Wie ist ein Kanalsystem aufgebaut?
Ein Kanalsystem führt Abwasser schrittweise von den angeschlossenen Grundstücken zu einer Kläranlage.
Je nach Standort kann es zusätzlich Regenwasser aufnehmen oder Schmutz- und Niederschlagswasser in getrennten Leitungen ableiten.
Sammelkanäle als Rückgrat
Die größeren Leitungen bündeln die Abflüsse aus mehreren Straßen oder Ortsteilen.
Sie verlaufen meist mit einem Gefälle, damit das Wasser möglichst durch Schwerkraft weiterfließt.
Reicht das Gefälle nicht aus, übernehmen Pumpwerke den Weitertransport.
Grundstücksanschlüsse und Zuleitungen
Kleinere Rohre verbinden Gebäude, Gewerbebetriebe und andere Anschlüsse mit dem öffentlichen Kanalnetz.
Diese Leitungen finden Sie häufig auf dem Grundstück oder unter der Straße.
Ihre Dimension richtet sich unter anderem nach der angeschlossenen Fläche und der erwarteten Abwassermenge.
Anlagen zur Abwasserreinigung
Am Ende des Netzes gelangt das Abwasser in eine Kläranlage.

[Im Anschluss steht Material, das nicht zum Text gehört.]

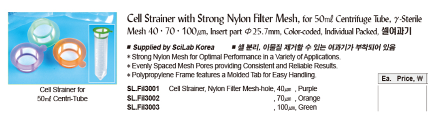 Mesh 40·70·100㎛, Insert part Φ25.7mm, Color-coded, Individual Packed, 셀여과기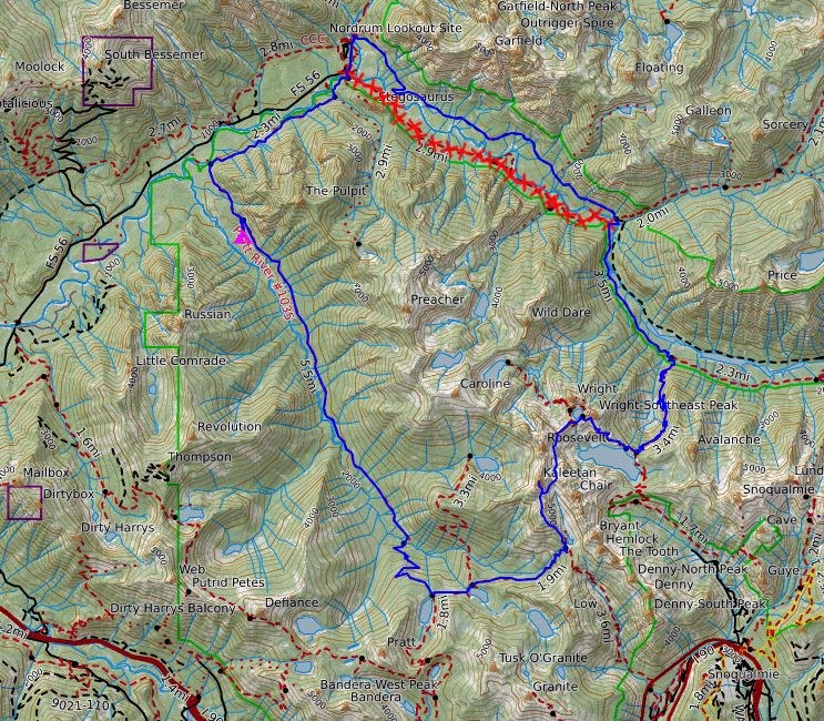 I dreamt up this loop as a training/test run for a 3-day Wonderland attempt. Not one of the 193 Pratt connector TRs mentions Kaleetan, so I figured I’d post it to inspire some folks. The loop came out to 31 miles on Caltopo (likely ~35 miles in reality). The total included 8,000+ feet of gain, around 10 miles on unmaintained trail, the Kaleetan peak scramble, and a couple off-trail miles with of exposed class 3 scrambling. It did not disappoint!

Dort entfernen mechanische, biologische und je nach Verfahren chemische Stufen Feststoffe, organische Belastungen und weitere unerwünschte Stoffe.
Erst danach wird das gereinigte Wasser in ein Gewässer eingeleitet oder anderweitig genutzt.
Kontroll- und Wartungsschächte
Schächte schaffen Zugang zu unterirdischen Leitungen.
Fachkräfte nutzen sie, um den Zustand der Rohre zu prüfen, Ablagerungen zu beseitigen und Schäden zu reparieren.
Sie liegen häufig an Richtungsänderungen, Verzweigungen oder größeren Abständen im Leitungsverlauf.
| Bereich | Hauptaufgabe |
|---|---|
| Zuleitungen | Abwasser von einzelnen Anschlüssen aufnehmen |
| Sammelkanäle | Teilströme bündeln und weiterleiten |
| Kläranlage | Abwasser reinigen |
| Zugangsschächte | Kontrolle und Wartung ermöglichen |
Welche Kanalsysteme gibt es?
Getrennte Ableitung von Schmutz- und Regenwasser
Beim Trennkanalsystem führen zwei Leitungsnetze die unterschiedlichen Wasserarten ab.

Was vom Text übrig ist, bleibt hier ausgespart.